Richard Burgess: career criminal
The gang's ringleader, originally known as Richard Hill, had been transported from London to Melbourne for theft at the age of 16, arriving in 1847. After his release he resumed a life of crime and served several prison terms. By October 1861 he was calling himself Burgess, the name of a New South Wales runholder he had attempted to rob. In January 1862 he left Australia for the Otago goldfields, where he teamed up with Thomas Noon, an acquaintance from his prison days in Australia. They specialised in attacking and robbing lone prospectors.
Burgess and Garrett
In October 1861 the Garrett gang, under the leadership of Henry Garrett, robbed 15 men in succession at the foot of the Maungatua range, on the track between Gabriels Gully and Dunedin. None of the victims were harmed, but there was panic in Dunedin. In May 1862, Garrett was captured and imprisoned in Dunedin, where he and Richard Burgess attempted a break-out. Garrett too had been transported to Australia in the 1840s for theft and worked on the Victorian goldfields before coming to Otago.

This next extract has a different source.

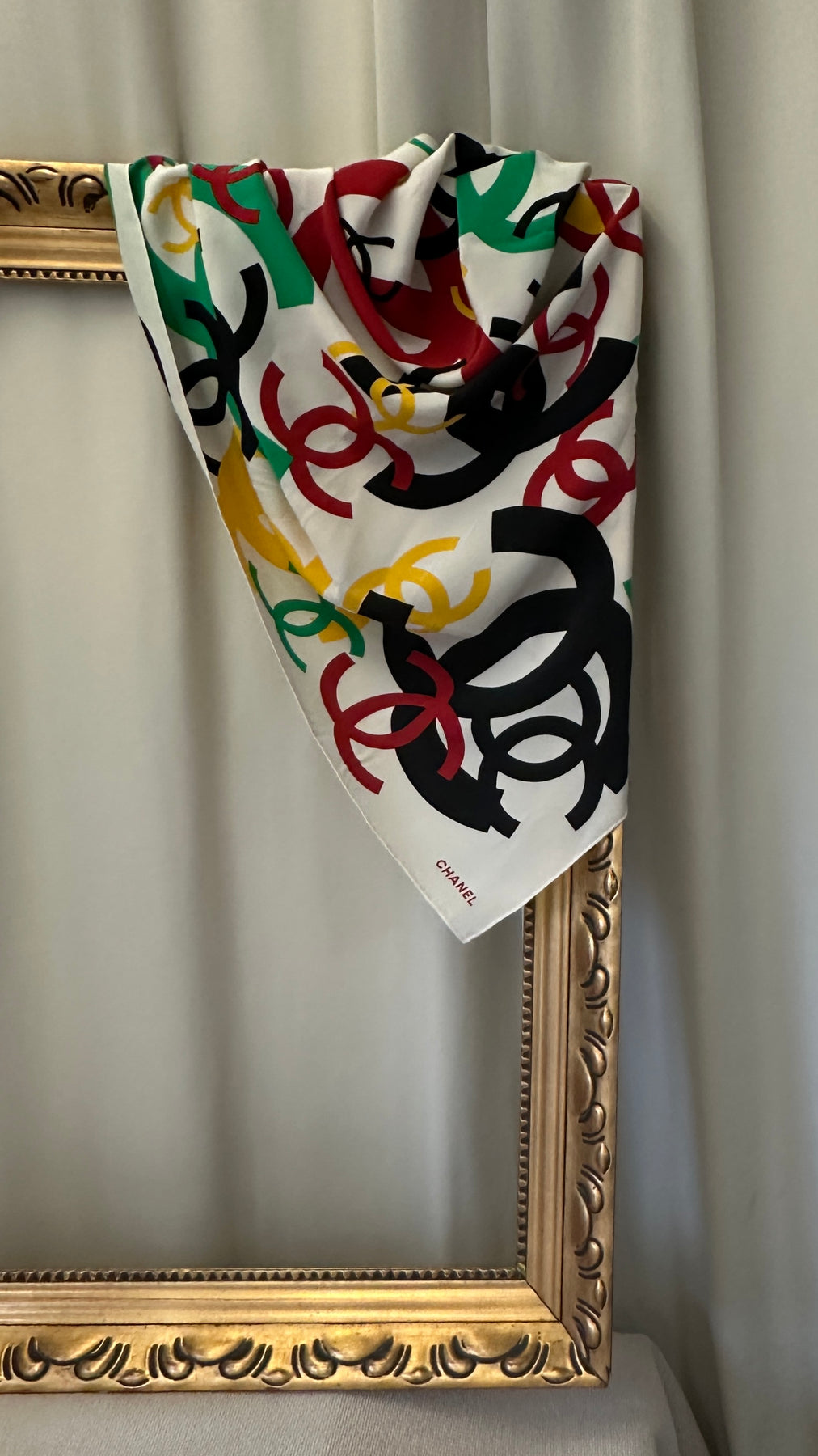 Quadratisches Seidentuch mit einem mehrfarbigen CC‑Motiv. Das Design verbindet die ineinander verschlungenen CC‑Logos mit einer Regenbogenpalette aus Blau, Grün, Orange, Pink, Rot, Weiss und Gelb gefertigt aus weichem Seidentwill. Handgerollte Kanten vollenden das 90‑cm‑Carré, das sich um den Hals oder an einer Tasche tragen lässt und jedem Outfit einen farbenfrohen Akzent verleiht.

In March 1862, Sergeant-Major Bracken and members of the Otago Mounted Police tried to bring Burgess and Noon in for questioning over a robbery at Weatherstons on the Otago goldfields. Gunfire broke out and the pair fled, but were eventually captured. They claimed Noon's gun had gone off accidentally but were sentenced to 3½ years' hard labour in Dunedin Gaol, to Burgess’s outrage. After receiving 36 lashes for his role in another escape bid, he vowed to exact revenge on society by taking a life for every lash.
On their release in September 1865, Burgess and Noon were escorted by the Otago police to the border with Canterbury Province, the Waitaki River. They headed for the West Coast goldfields and arrived in Hokitika in early October.
The gang comes together
Finding that Bracken was now stationed in Hokitika, they assured the policeman that they were on the straight and narrow and would work honestly as miners. They staked a claim at Kaniere, inland from Hokitika, and Noon took the name Thomas Kelly. They worked their claim until just before Christmas, when they carried out a series of robberies. Burgess was now living with a woman named Carrie who was pregnant with his child. His plan was to rob the bank at Ōkārito, south of Hokitika, and move back to Australia with her.
In the meantime, William (alias Philip) Levy arrived in Hokitika. He had emigrated to Victoria in the 1850s and established himself as a gold buyer. He also worked as a 'fence' (a seller of stolen goods) and passed on information about possible targets for robbery. Levy had moved to Otago before following the gold to the West Coast. In Hokitika he helped Burgess and Kelly plan robberies.
In April 1866 the gang was completed by another recent arrival from Victoria. Joseph Sullivan had been transported from England in 1840 for robbery, but by 1853 had established himself as a prizefighter and publican.